In the years since, Jeffrey continues to laugh and cry whenever we talk about Howard. Birthdays are the hardest, they spent them all together. I am always careful to not "celebrate" the day when he misses him most, they are bittersweet at best. Remarkably the loss of his shared soul, did not leave Jeffrey missing anything, it may have even made him stronger. In his words, "I'm living life for him too”, and he continues to live it to the fullest for the both of them. He tries to be there for Howard's children whenever possible, but worries it may be hard for them to see a face that is so much like the one they are missing. I would never share any part of their story, but I do want to say that my niece and nephew, barely teenagers when they lost their father, are happy and thriving.  Their mother, courageous and brave and stronger than she thought, continued the life and family they had spent twenty years building. Those children, now young adults, are the result of two parents who gave them love and life and support, both still there, guiding them along in one way or another.

I'm going to back-up a bit and tell you that I grew up with "the twins", (friends of my older brother) no romance then, I was the "little sister." It was after college, Howard got married first, then Jeffrey and I tied the knot, and then we became a foursome. I can't explain what it was like when we were together, but obviously I loved Howard for many of the same reasons I loved my own husband and the same held true for each of us. We were four people bound together through life and genetics. Our kids were the same way, they marveled in the uniqueness of their shared fathers. We always wondered if they could tell them apart when they were babies, it was hard for most adults. I had a pretty good handle on who was who, except if they were walking in front of me, but face to face there was never a question.  We had our moments of family conflict, but they always ended with group hugs, until the one that didn't.

In December of 2000, my father-in-law passed away and the Jewish tradition of Shiva was at our home. This usually one-week long period is a time for mourners to visit with friends and family. It is comforting and stressful all at the same time. Anyway, Howard and his family were obviously here (their home was a few hours away), sleeping at my mother-in-laws house. The kids slept here, so we had 5 kids under 12 and no less than 100 visitors every day, in and out, all day long. This followed a difficult few months while he was sick and we all know that the family who lives closest carries the daily burden (we also get the daily benefits). Good or bad, it's just the way it is. I hope I've properly illustrated my potential stress level, because this is when I made a very costly mistake.

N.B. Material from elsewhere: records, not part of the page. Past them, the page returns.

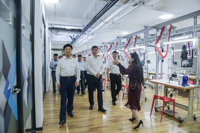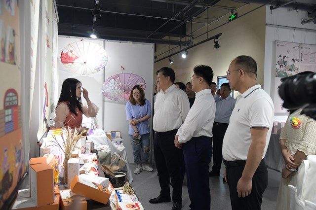 王建利书记来到我校双创中心智慧工场,考察了我校先进的智慧化服装生产线,了解了我校学生创客项目孵化情况,指示学校一定要做好产教融合,重视学生创新创业指导工作,着力提高项目孵化成功率。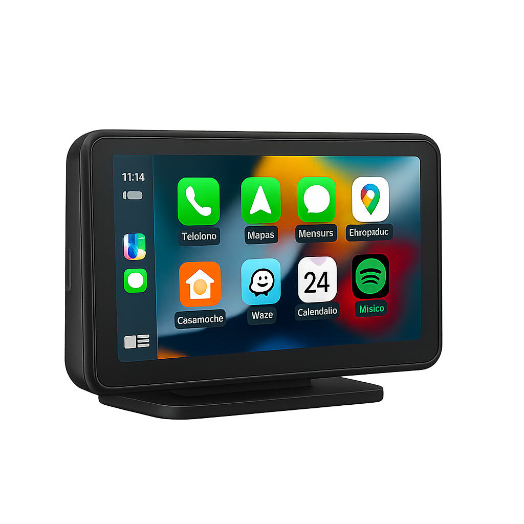 Actualiza tu coche en minutos: esta pantalla HD IPS de 7" añade **CarPlay y Android Auto inalámbricos** sin cambiar el radio, compatible con el **99% de los autos**. Navega, llama y escucha música con **control por voz** y audio por **AUX, FM o altavoz integrado**. Conexión estable, imagen clara y montaje plug & play. **Conduce moderno, sin cables ni complicaciones.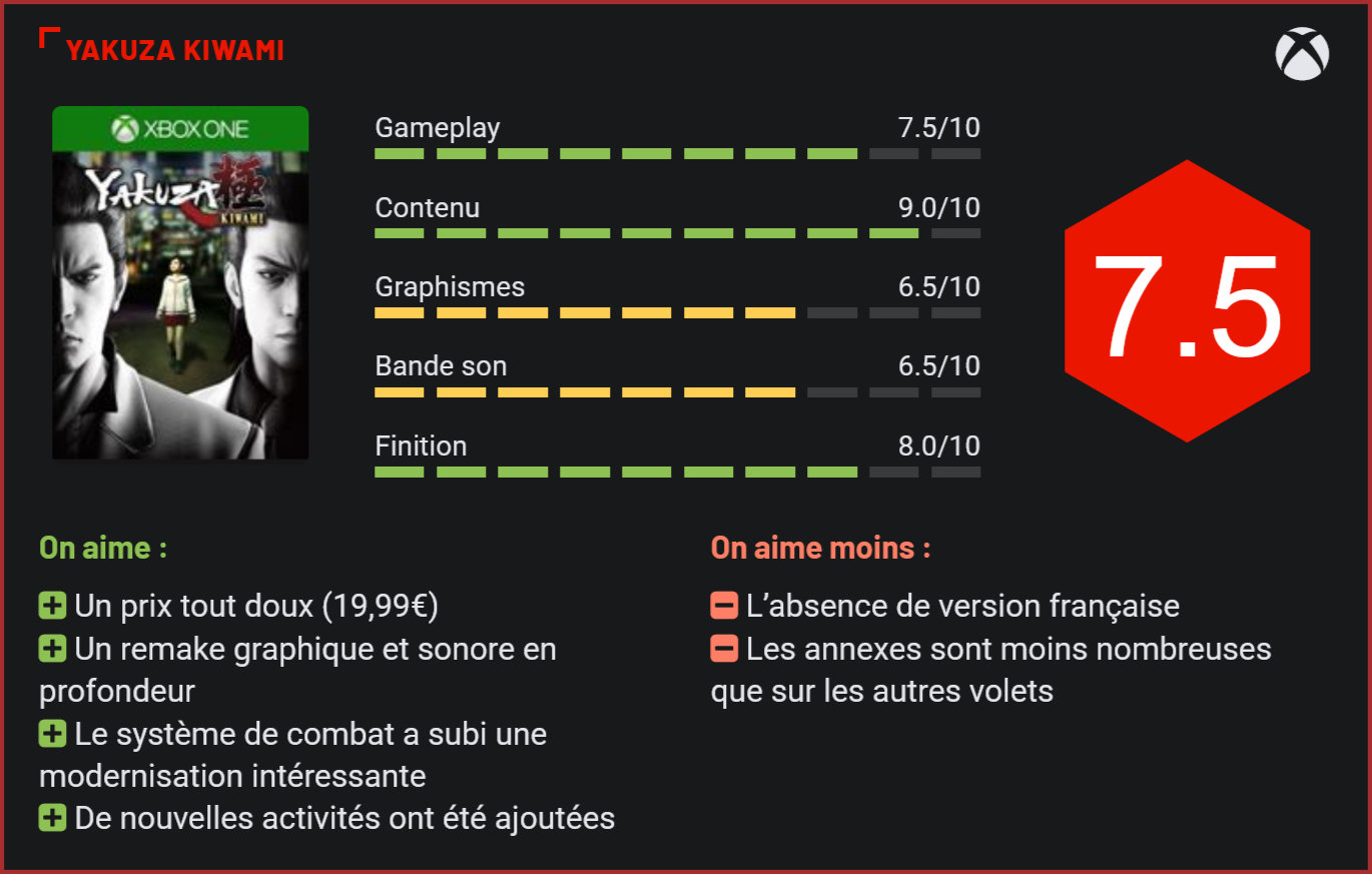 Sorti en 2005 sur Playstation 2, Yakuza reste un monument du jeu vidéo. Son remake de 2017 sorti sur PS4, lui avait redonné un peu de fraîcheur. Aujourd’hui, c’est au tour des joueurs Xbox de revenir aux origines de la franchise… Car oui, c’est bien une vieille histoire que nous refourgue Sega. Sorti en 2005 sur Playstation 2, Yakuza – ou Ryū ga Gotoku – est le premier titre d’une saga de 6 épisodes qui compte presqu’autant de spin-off. Développant l’univers des mafiosi japonais, Yakuza a souvent été qualifié de la version asiatique de GTA. Crime, meurtre, mais aussi honneur et loyauté sont les mots d’ordre de cet univers rempli de malfrats, pots de vin, victimes et abus. Graphiquement, le jeu n’a pas trop vieilli. Le titre avait déjà connu un portage en 2012 sur Playstation 3 et sur Wii U en 2013, mais Sega semble vouloir user jusqu’à la corde cette histoire puisqu’il sort un nouveau remake en 2016, au Japon, sur PS4 cette fois. Ce n’est qu’en août 2017 que le reste du monde pourra profiter d’un Yakuza Kiwami totalement retravaillé. Rien que pour la qualité et la beauté des images, on pardonne le manque d’originalité scénaristique. On soulignera tout de même l’ajout d’une cinématique de 30 minutes totalement inédite. Petite parenthèse tout de même sur la saga pour les non familiers. Jeu d’action-aventure, Yakuza mêle les phases d’exploration et d’aventure à travers divers chapitres. La progression est parfois linéaire avec un développement de l’histoire principale et parfois non-linéaire où le joueur peut se balader à travers l’environnement, découvrir de nouveaux quartiers japonais, réaliser des quêtes annexes et collecter de nouveaux objets. Axé aussi beaucoup sur les combats, Yakuza demande une grande familiarité avec les touches et les enchaînements afin de terrasser la vermine avec des combos surpuissants. Honneur et courage sont aussi des mantras importants de la saga, code de la famille des Yakuzas. Le scénario conserve son charme. Riche et parfaitement construit, Yakuza Kiwami nous plonge dans le destin honorablement tragique de Kazuma Kiryu, un ex-yakuza emprisonné pendant 10 ans pour un crime dont il avait endossé la responsabilité pour protéger son ami d’enfance, Kazama Shintarô. Celui-ci avait assassiné l’un des grands parrains japonais pour avoir tenté d’abuser de sa petite sœur. Après dix ans loin des codes de la rue, Kiryu devra réapprendre à survivre dans un monde où il sera à la fois rejeté par sa famille de mafieux et rechercher par les proches de celui qu’il a soi-disant tué. Malheureusement pour lui, son ami d’enfance Kazama Shintarô ne lui sera pas d’une très grande aide étant donné qu’il est devenu l’un des parrains les plus cyniques des Yakuza. Relations compliquées, retournements de situation et folie meurtrière sont au rendez-vous et entrainent le joueur dans la vie compliquée d’un gangster dont le mantra est l’honneur et le courage. Des qualités peu communes dans les rues où seule la loi du plus fort semble désormais régner. Les cut-scenes sont très travaillées. Si le jeu comporte plusieurs séquences d’exploration, Yakuza est avant tout une série de jeux de « Beat’em all ». Pour combattre la pègre et se défendre face aux Yakuzas mécontents, notre cher Kazuma Kiryu va devoir réapprendre à maitriser les techniques ancestrales des arts martiaux. Et quelle richesse ! On est loin des coups de poings et de pieds basiques, ici, on enchaine avec tous les parties du corps et objets trouvés au sol. Coups de pied circulaires, manchettes, écrasements des vertèbres, batte de baseball. Sensible, s’abstenir. Le tout est de maîtriser les touches. Durant la progression, un tutoriel viendra aider les mafieux en herbe à intégrer la complexité des enchainements. La concentration est de rigueur, surtout face à 3, 4 ou 5 ennemis. Les combats sont rarement à nombre égal ici. Mais cela n’est rien comparé aux affrontements des boss. Chacun ayant son style, notre Kiruy – et le joueur – devra maîtriser les 4 modes des combats plus intensément qu’avec des malfrats de premier ordre. Sega a d’ailleurs modernisé les combats à ce niveau par rapport au titre de 2005. Chaque situation implique son mode ; Brawler, Rush, Beast et Dragon de Dojima, chacun ayant ses avantages et inconvénients. La maîtrise est accompagnée par une puissance de frappe grisante pour le joueur. Les combats sont grisants. On notera également l’apparition répétée et incongrue d’un personnage devenu clé dans la saga : Majima. Un mafieux plutôt perturbé qui bondit devant notre héros meurtri à n’importe quel moment pour un combat épique. Les Majima Everywhere ont la particularité d’apporter un petit côté comico-flippant à l’aventure. Les quêtes secondaires et l’extermination des vermines viendront compléter le gain d’expérience, utile pour améliorer ses techniques de combats. Kazuma Kiryu pourra également s’équiper de bon nombre d’arme en tout genre et déguster des mets afin de restaurer sa jauge de vie. Pour ce remake, Sega offre deux nouvelles activités dans le quartier de Kamurocho. Le premier, le Pocket Circuit Car Racing est une course de voitures sur circuits électriques. Le second, MesuKin : Battle Bug Beauties est un jeu de combat Pierre-Papier-Ciseau plutôt particulier puisque ce sont des jeunes dames en petite tenue qui s’affrontent. Vous vous en doutez, avec un tel contenu, la durée de vie du jeu est tout bonnement exceptionnelle. Ceux qui accrocheront au concept en auront donc largement pour leur argent. D’autant plus que le jeu n’est vendu que 19,99€ sur Xbox et est intégré à l’offre GamePass! Les mini-jeux sont toujours de la partie. La saga n’a jamais caché son attachement pour le 7ème art. De par son inspiration dans les films de gangsters japonais (Aniki, mon frère), les sc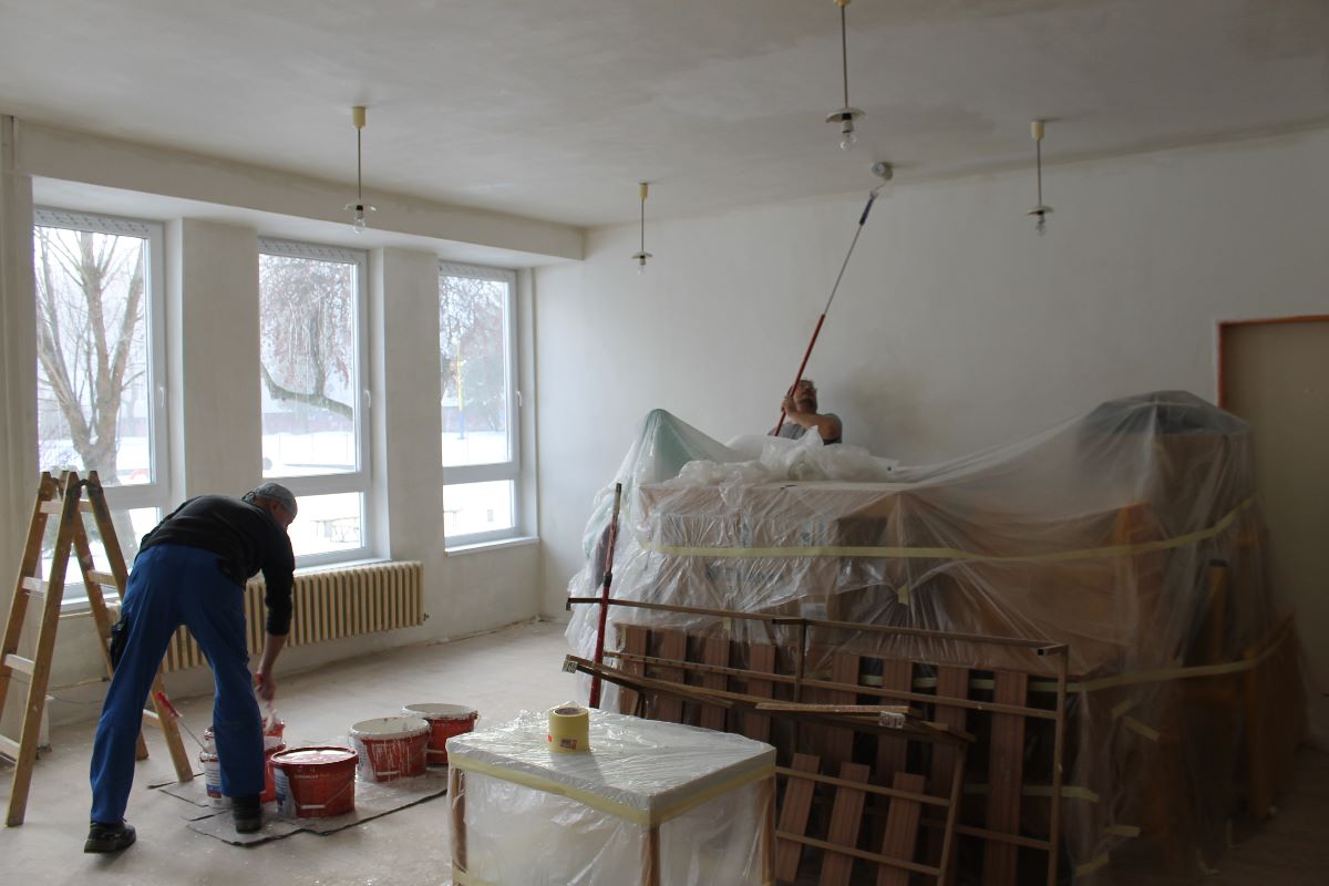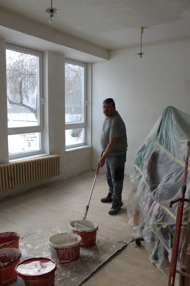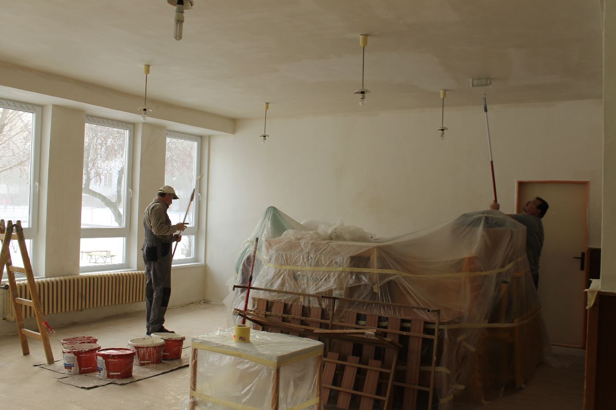 V 3. kalendárnom týždni stavebná skupina mesta Trebišov začala práce v interiéri Materskej školy na Ul. 1. decembra. Pracovníci realizujú opravy s použitím ručnej sadrovej stierky, maľovanie stien aj stropu v triedach i v priestoroch chodieb a WC zariadení.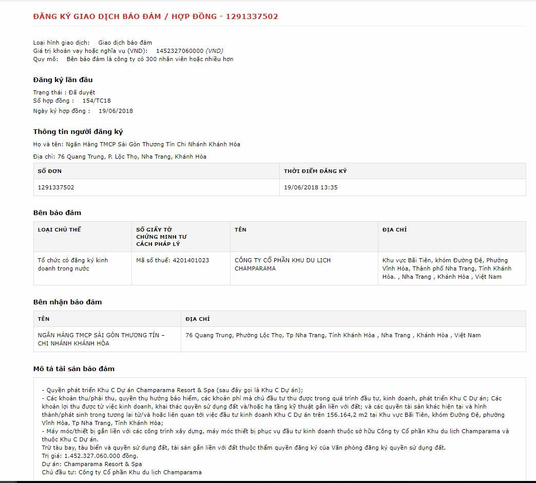 Cụ thể, tài sản đảm bảo gồm toàn bộ tài sản (không bao gồm quyền sử dụng đất đã được cấp giấy chứng nhận quyền sử dụng đất), quyền tài sản phát sinh liên quan đến dự áán Champarama Resort & Spa.

It is the single biggest regret of my life thus far; an off-handed (bitchy) comment to Howard and my sister-in-law about the "balance" of family responsibility. It set off a verbal showdown between Howard and Jeffrey, and ended with them packing up and leaving. Eventually we made peace, but something changed that day. By the time cancer entered the picture we were back to a better place, but I have always felt that my words took parts of those last years away from Jeffrey and Howard. We have talked about it countless times, obviously today, and I know Jeffrey doesn't blame me; this is a burden I put on myself. In a way I'm glad it still hurts, it reminds me every day to think before reacting. Words that flow so easily out of our mouths in times of anger are the most dangerous and unfortunately, the ones that stick. There was certainly know way to know that this silly fight would take away so much, and that is exactly the point. I've learned that what I say can hurt me and others long after the words have been spoken. If only I had learned that lesson a bit earlier, today would be a tiny bit less sad.

For Jeffrey, today is no different than any other day. He cried when I read him this blog, but for him every day is a day without his brother, makes no real difference that this is the day he died. For me, this was a chance to share a painful story and a painful lesson and to make a silent wish, like I've done every morning for the last 7 years, to keep the other twin healthy. I have witnessed the other side in high definition, and haven't taken a single moment for granted since.